Required action: Down to the last line, repeat the entries exactly and drop any image.

(Material shown Opens)

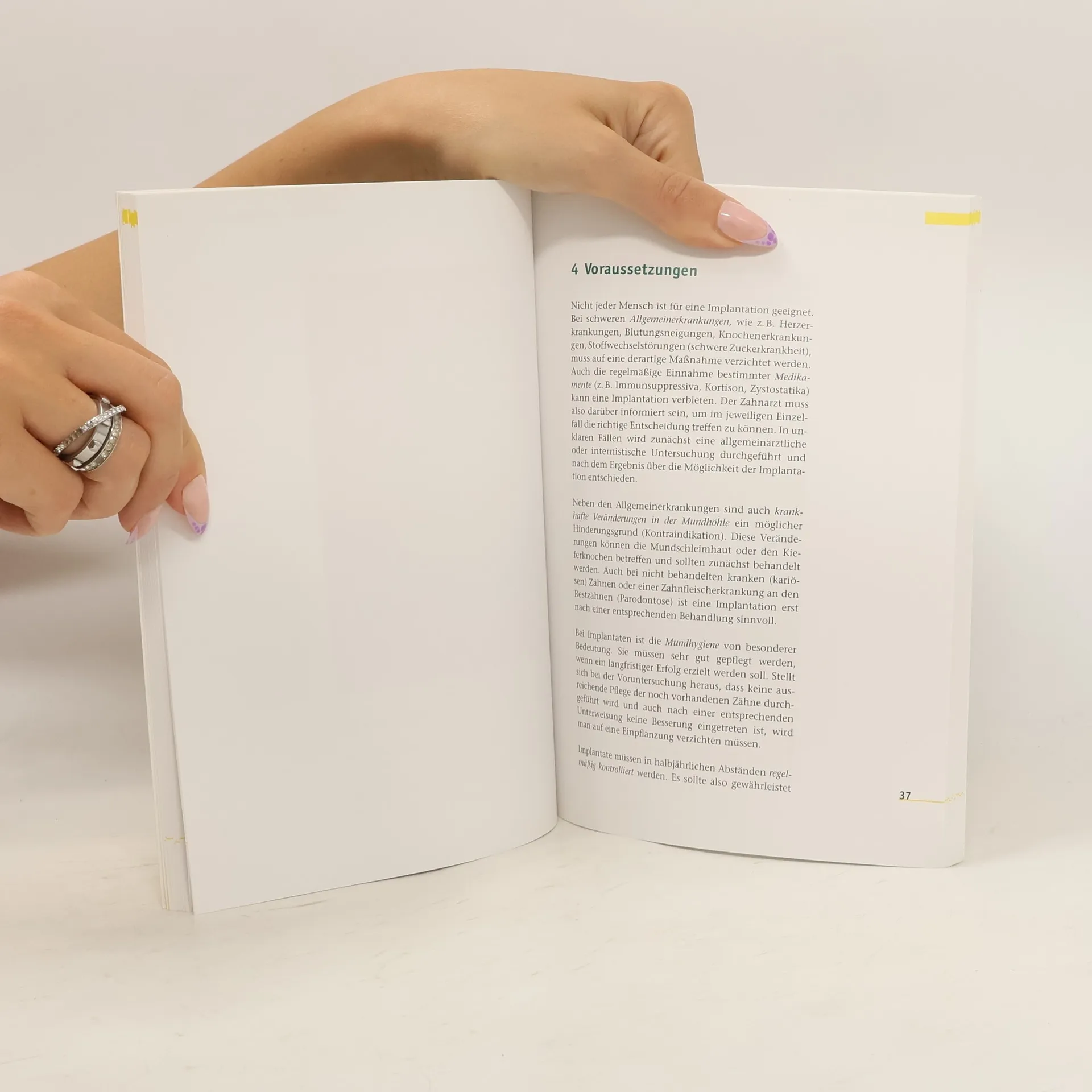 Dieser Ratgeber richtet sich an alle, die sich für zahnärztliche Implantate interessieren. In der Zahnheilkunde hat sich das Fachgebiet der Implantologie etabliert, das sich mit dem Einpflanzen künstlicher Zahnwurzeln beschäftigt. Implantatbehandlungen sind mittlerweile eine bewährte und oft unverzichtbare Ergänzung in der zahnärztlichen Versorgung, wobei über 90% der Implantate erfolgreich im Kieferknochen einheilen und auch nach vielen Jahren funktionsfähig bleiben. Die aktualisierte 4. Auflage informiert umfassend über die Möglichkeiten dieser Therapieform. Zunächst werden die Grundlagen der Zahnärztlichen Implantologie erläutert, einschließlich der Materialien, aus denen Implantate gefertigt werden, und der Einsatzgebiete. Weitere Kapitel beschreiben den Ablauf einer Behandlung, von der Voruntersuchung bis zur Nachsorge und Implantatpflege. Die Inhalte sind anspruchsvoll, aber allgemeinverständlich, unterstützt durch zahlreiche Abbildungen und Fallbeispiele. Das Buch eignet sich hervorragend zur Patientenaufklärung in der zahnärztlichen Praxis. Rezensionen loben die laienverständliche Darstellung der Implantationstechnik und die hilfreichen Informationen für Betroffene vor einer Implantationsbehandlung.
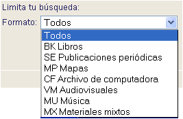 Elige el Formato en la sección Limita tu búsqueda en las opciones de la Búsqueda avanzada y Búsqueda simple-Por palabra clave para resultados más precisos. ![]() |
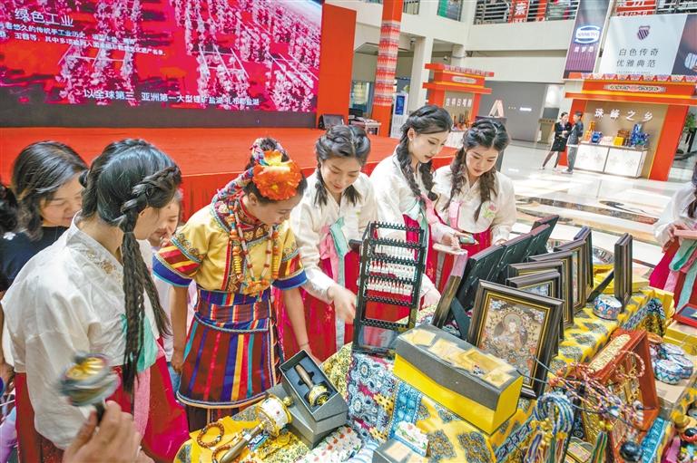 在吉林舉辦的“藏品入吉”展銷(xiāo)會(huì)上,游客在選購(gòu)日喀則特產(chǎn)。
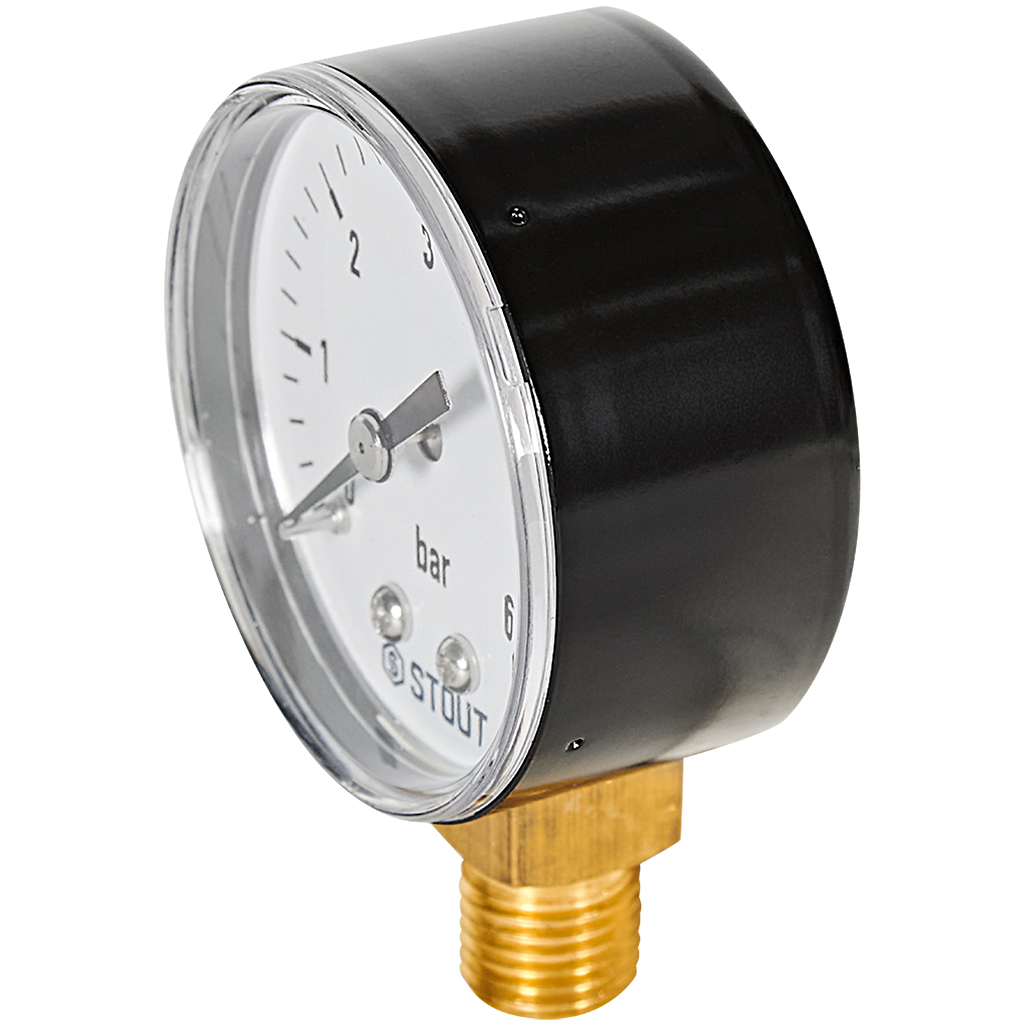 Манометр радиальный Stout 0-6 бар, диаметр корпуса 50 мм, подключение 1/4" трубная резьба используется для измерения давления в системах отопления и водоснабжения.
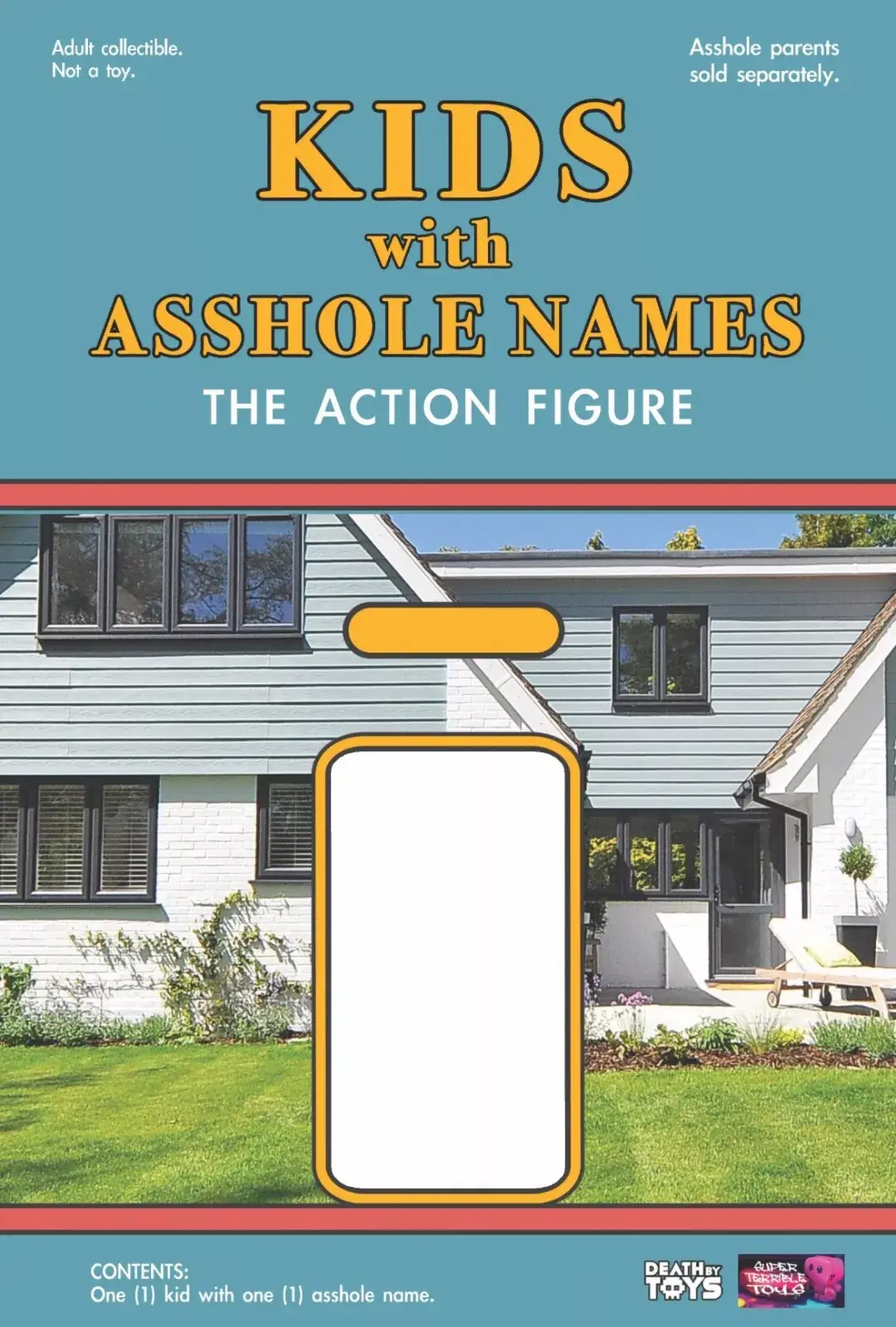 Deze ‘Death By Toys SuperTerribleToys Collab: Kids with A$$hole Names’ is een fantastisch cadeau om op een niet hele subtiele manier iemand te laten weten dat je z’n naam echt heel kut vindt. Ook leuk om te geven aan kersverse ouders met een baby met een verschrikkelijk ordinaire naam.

(Material shown Closes)

Exercise output:
 Dieser Ratgeber richtet sich an alle, die sich für zahnärztliche Implantate interessieren. In der Zahnheilkunde hat sich das Fachgebiet der Implantologie etabliert, das sich mit dem Einpflanzen künstlicher Zahnwurzeln beschäftigt. Implantatbehandlungen sind mittlerweile eine bewährte und oft unverzichtbare Ergänzung in der zahnärztlichen Versorgung, wobei über 90% der Implantate erfolgreich im Kieferknochen einheilen und auch nach vielen Jahren funktionsfähig bleiben. Die aktualisierte 4. Auflage informiert umfassend über die Möglichkeiten dieser Therapieform. Zunächst werden die Grundlagen der Zahnärztlichen Implantologie erläutert, einschließlich der Materialien, aus denen Implantate gefertigt werden, und der Einsatzgebiete. Weitere Kapitel beschreiben den Ablauf einer Behandlung, von der Voruntersuchung bis zur Nachsorge und Implantatpflege. Die Inhalte sind anspruchsvoll, aber allgemeinverständlich, unterstützt durch zahlreiche Abbildungen und Fallbeispiele. Das Buch eignet sich hervorragend zur Patientenaufklärung in der zahnärztlichen Praxis. Rezensionen loben die laienverständliche Darstellung der Implantationstechnik und die hilfreichen Informationen für Betroffene vor einer Implantationsbehandlung.
 Elige el Formato en la sección Limita tu búsqueda en las opciones de la Búsqueda avanzada y Búsqueda simple-Por palabra clave para resultados más precisos. ![]() |
 在吉林舉辦的“藏品入吉”展銷(xiāo)會(huì)上,游客在選購(gòu)日喀則特產(chǎn)。
 Манометр радиальный Stout 0-6 бар, диаметр корпуса 50 мм, подключение 1/4" трубная резьба используется для измерения давления в системах отопления и водоснабжения.
 Deze ‘Death By Toys SuperTerribleToys Collab: Kids with A$$hole Names’ is een fantastisch cadeau om op een niet hele subtiele manier iemand te laten weten dat je z’n naam echt heel kut vindt. Ook leuk om te geven aan kersverse ouders met een baby met een verschrikkelijk ordinaire naam.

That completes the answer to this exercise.